The trust score of a candidate webpage may be a keyword-independent
value based on the external webpages that point to the candidate
webpage or its domain. For example, a candidate webpage that is
linked to from several known reputable webpages may be presumed to
be a trusted webpage. On the other hand, a candidate webpage that
is linked to only by unknown or disreputable webpages, such as
those associated with spammers, may be assigned a low trust score
by a ranking entity. Similarly, a ranking entity may have assigned
an "authority" score to the candidate webpage. The authority score
of a candidate webpage may be a keyword-independent value based on
the number and quality of links on external webpages that point to
the candidate webpage or its domain. For example, a candidate
webpage that is linked to by several external webpages may be
presumed to be an authority on its particular topic due to its
popularity.
[0110] Such ranking scores may be available on a subscription,
paid, and/or free basis, and may be available for download via FTP,
HTTP, or other protocol from third parties such as ranking
entities. In some embodiments, ranking scores may be accessible
through use of a software API. Several ranking scores are known in
the art and provided by commercial entities. The ranking scores may
be provided for both the specific candidate webpage as well as the
domain of the candidate webpage. For example, seoMoz's Linkscape
service offers rankings including Page mozRank (similar to the
concept of Google's PageRank), Domain mozRank, Page mozTrust, and
Domain mozTrust. Aggregate scores that combine one or more rankings
on different factors may be available. For example, the Linkscape
tool provides an importance-like ranking called Domain Authority
that is an aggregation of Domain mozRank, Domain is mozTrust, and
other factors.
[0111] Other information may be obtained over the network from
other sources. For example, information about the registration
status of the domain name associated with the candidate webpage may
be accessed from a domain registration service, such as WHOIS.

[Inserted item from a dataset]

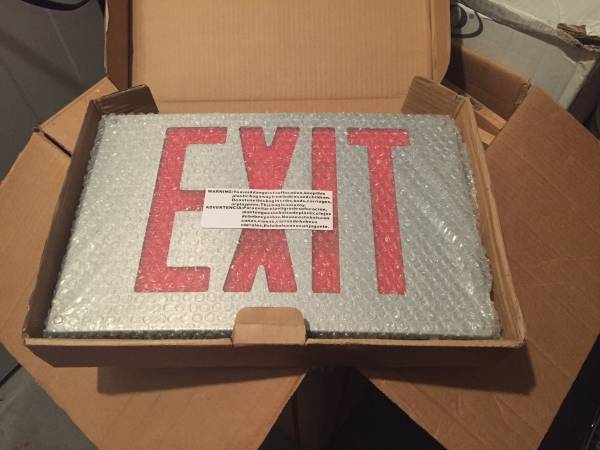 Brand new in box never used. It’s an 8” DIE CAST 1face LED EXIT SIGN battery back up and tamper proof. Willing to trade! NEGOTIABLE!!

Information such as the "age" of the domain registration (i.e., the
amount of time since the domain was first registered to the present
owner) may be determined Likewise, the amount of time remaining
until the domain name registration expires may be determined. This
information may be useful because search engines may assign a
higher importance to webpages at domains that have been or will be
registered for a relatively long time. Webpages created for the
purpose of hosting only advertisements are often registered for
very short periods of time, such as a year or less. Therefore, a
webpage that is registered for a longer period of time is less
likely to be penalized by search engines for only hosting
advertisements.
[0112] Other data sources may be accessed to obtain information
about the candidate webpage. For example, a newswire or other
service may be referenced to determine when the most recent press
release referencing the candidate webpage was accessed.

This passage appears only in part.